Spotlight on FlexiGroup
Consumer finance player FlexiGroup (ASX: FXL) has a $1.3 billion market cap and is in the S&P/ASX 200 index (Index: ^AXJO) (ASX: XJO), but it’s lesser known. It’s also, perhaps, harder to understand. The company has historically had a focused business in consumer point-of-sale leases through retailers like Harvey Norman (ASX: HVN), but more recently, has expanded into interest-free credit cards and “no interest ever” loan services.
The outcome is that the company’s business is far less tied to consumer spending than it once was, and that it could continue to grow for years to come as it wins more market share in the interest-free credit card and loan space.

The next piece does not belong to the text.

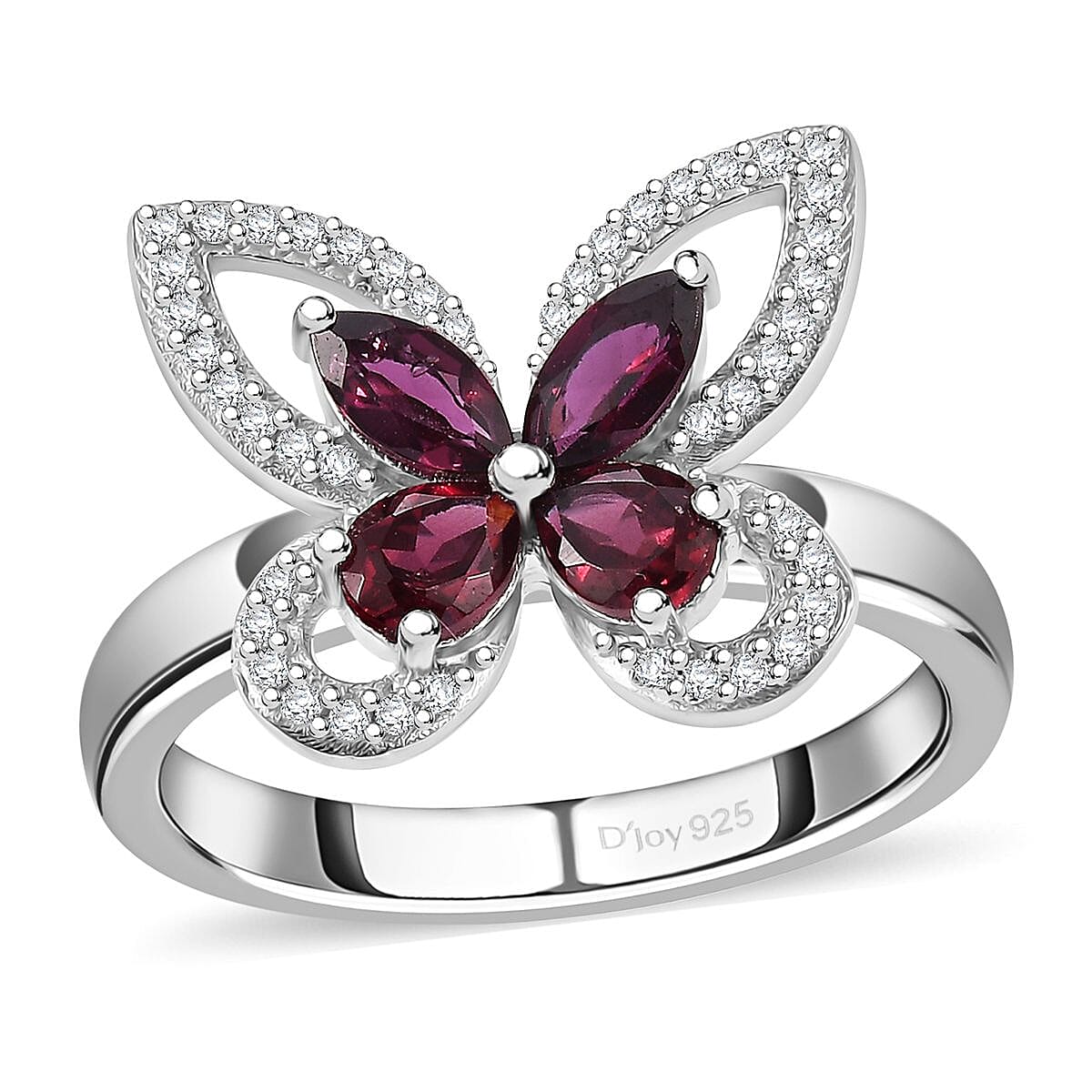 The butterfly inspires this premium Anthill garnet and white zircon ring in sterling silver. The Anthill garnet, known for its rich hue, is accented with white zircon to enhance the design. Crafted in sterling silver with a premium finish, all gemstones are securely set in prong settings for durability.

This market position also allows the company to earn additional revenue through lucrative cross-selling to its customer base.
A chance for capital gains and fully franked dividends
Over the last five years, net profits have grown from $32.3 million to $65.8 million, much faster than the top line, and management is targeting 17% to 19% growth in 2014. With so many ASX shares looking seriously overpriced relative to their growth potential, it’s exciting to see Flexigroup shares trading for a far more reasonable multiple of about 19 times trailing earnings.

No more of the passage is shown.